─── Information provided ───

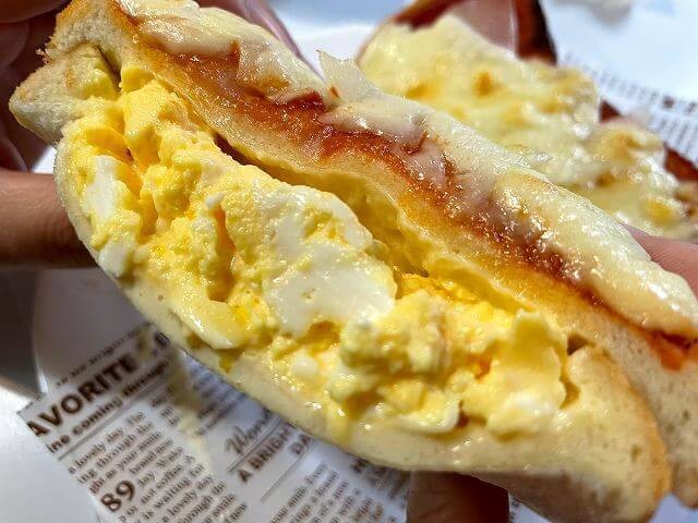 食パンを2枚重ねた分厚いトーストは、半分にカットしたほうが食べやすいと思います。
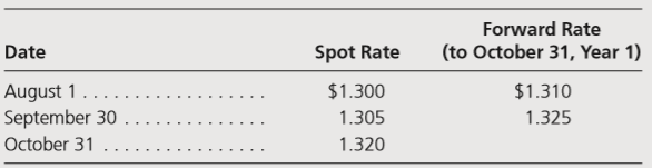 Forward Rate Date Spot Rate (to October 31, Year 1) August 1..... September 30 $1.300 $1.310 1.305 1.325 October 31 1.320
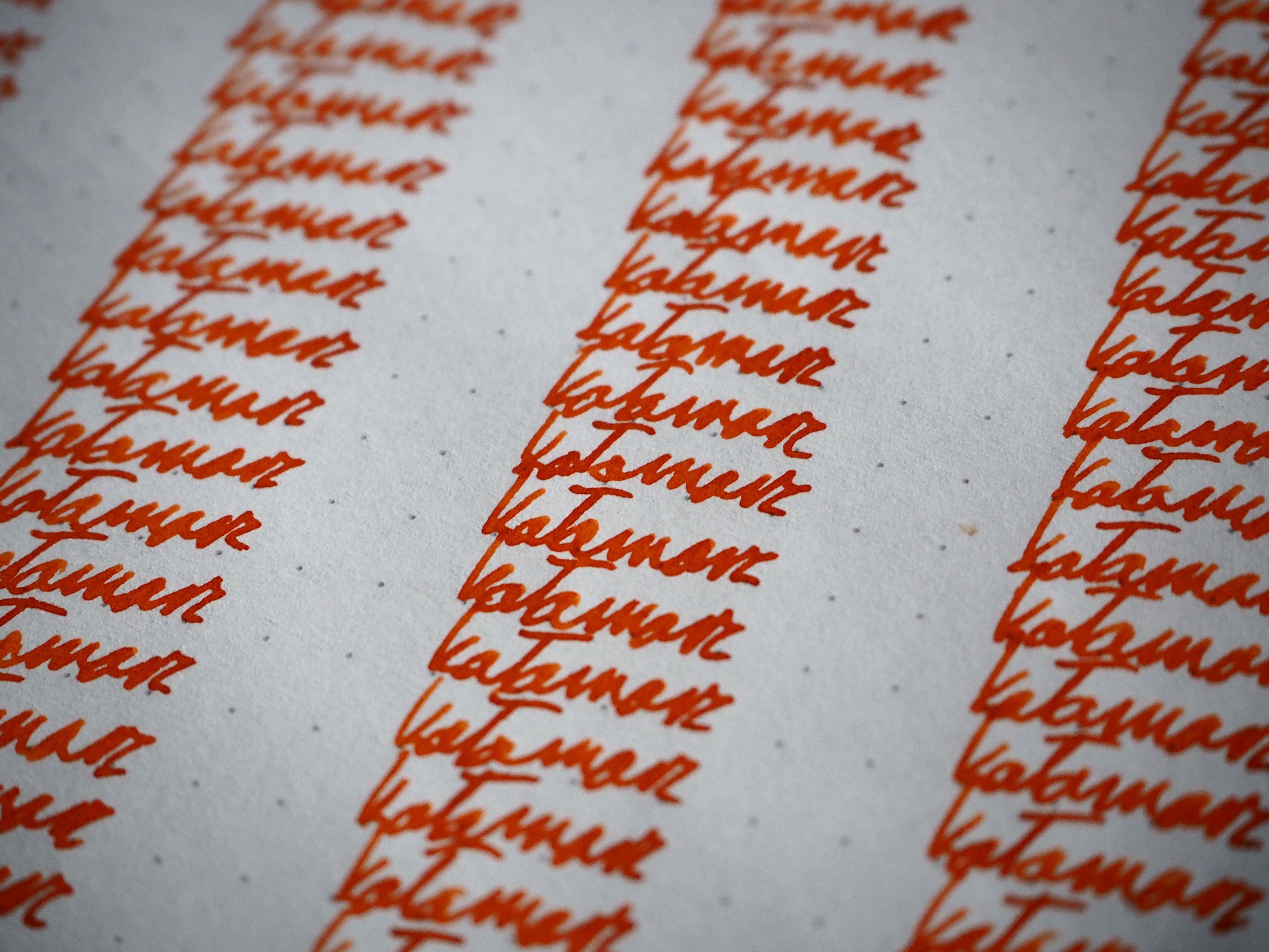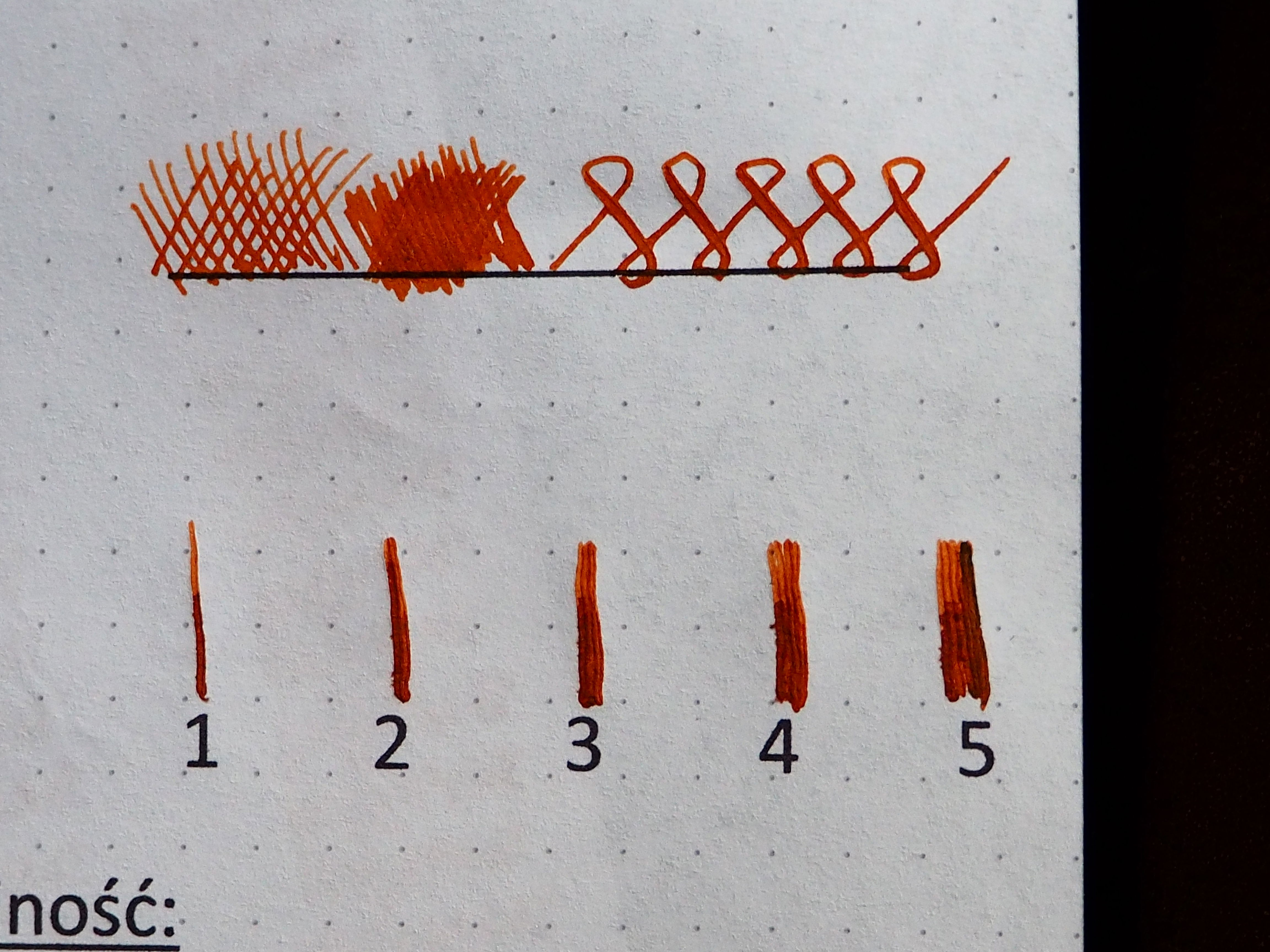 Czas przetestować atrament w boju. Do testu, jak zawsze, wykorzystuję papier Rhodia (80 g/m2) i pióro Jinhao x450.

───

● Task details: Return the full listing above verbatim, please, but without its images.

● Exercise answer:
 食パンを2枚重ねた分厚いトーストは、半分にカットしたほうが食べやすいと思います。
 Forward Rate Date Spot Rate (to October 31, Year 1) August 1..... September 30 $1.300 $1.310 1.305 1.325 October 31 1.320
 Czas przetestować atrament w boju. Do testu, jak zawsze, wykorzystuję papier Rhodia (80 g/m2) i pióro Jinhao x450.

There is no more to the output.